Thus, purposeful broken commits are eliminated.

> I don't see the appeal in a history full of "Oops, I forgot to add this file
> to the last commit," and "build fix" and "The author wrote this on Solaris,
> but I need a small change in the Makefile for Linux."

hg rollback/backout are intended for "oops, I forgot to add this file to the
last commit." There's no need to leave those commits in, unless the problem
isn't discovered for a while, which is when modifying history makes sense.

Patch queues are most definitely not just "the tool I was offered." They are a
rather powerful way to deal with commits as a stack, and I've never been
bogged down "capturing state of work in progress."

\---

There's nothing really wrong with git's workflow, but there's nothing wrong
with mercurial's either. That's all I'm saying - "it is a difference in
philosophy and interface that discourages modifying history" that I happen to
prefer.

------
pacemkr
I've been using Mercurial for a few years and am now turning to git (one week
in, so I won't say much about it) for a very specific and fundamental reason:
short lived local branches.

Say you have a repository, fix a few bugs on it, and now you want to work on a
crazy feature. What you need is a short lived local branch, because you don't
know if crazy feature even makes sense. Unfortunately, there is no built in
way to do this in hg. [1] Deleting a branch is not a fundamental concept in
hg, and so the advice is to create a new local "clone" of the entire repo. [2]
Great, now you have to change the config files for your dev environment to
point to a new folder just so you can test out crazy feature.

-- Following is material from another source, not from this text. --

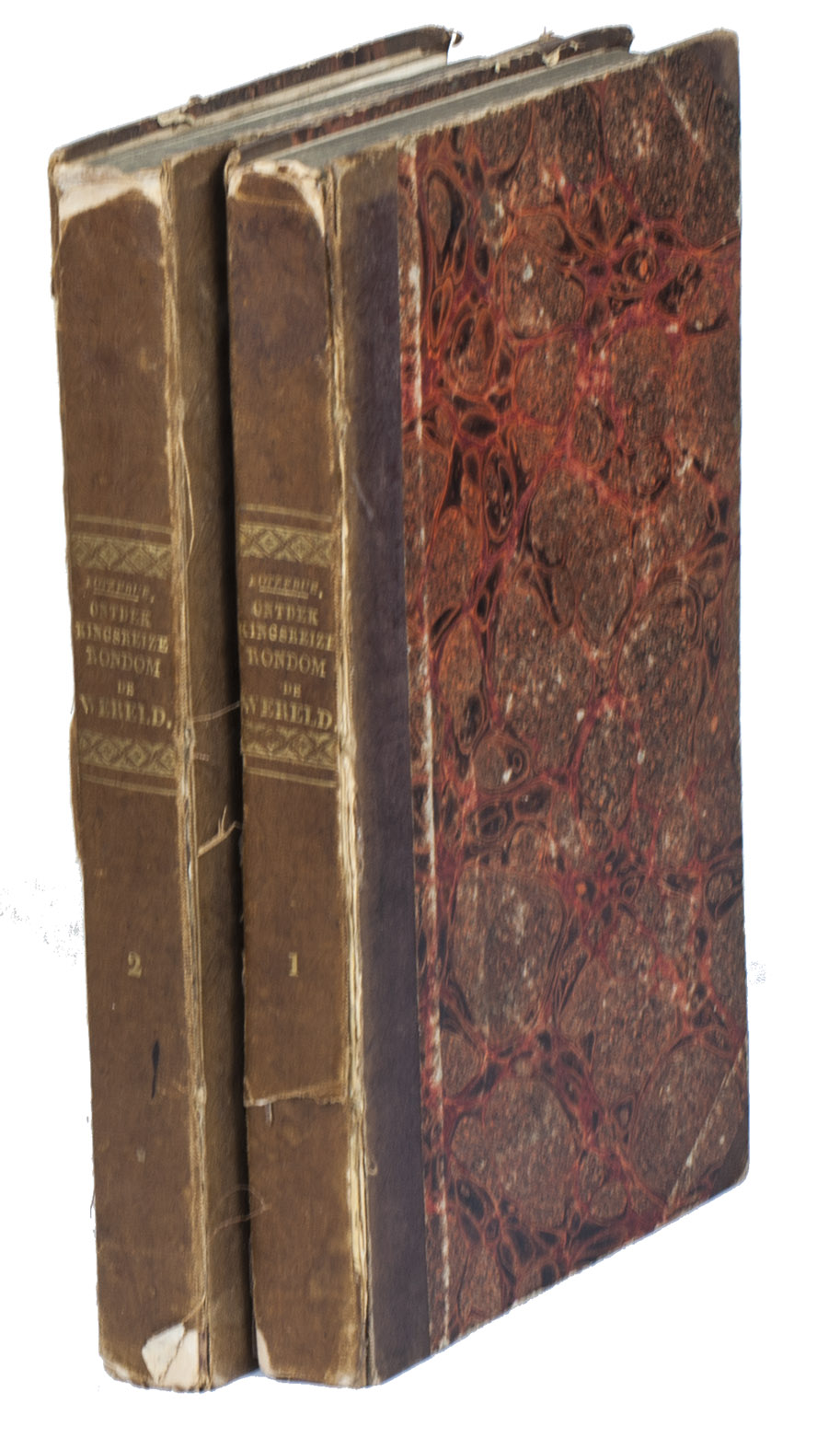 Haarlem, widow of Adriaan Loosjes, 1830. 2 volumes. 8vo. With a lithographed frontispiece in each volume, and 3 folding engraved maps. Contemporary half cloth. VII, [1], 254; [6], 274 pp.

Also, by default
all your branches get pushed (although hg will complain about creating remote
branches).

In practice, all this turned "branching" into an expensive concept in my mind.
That's bad, very bad.

I still prefer the hg elegance and ui to git -- even the output of "hg st" vs
"git status" tells a great deal about the philosophy behind both. However, I
think hg got branching wrong and that is a fundamental flaw that no amount of
elegance at the UI level can compensate for.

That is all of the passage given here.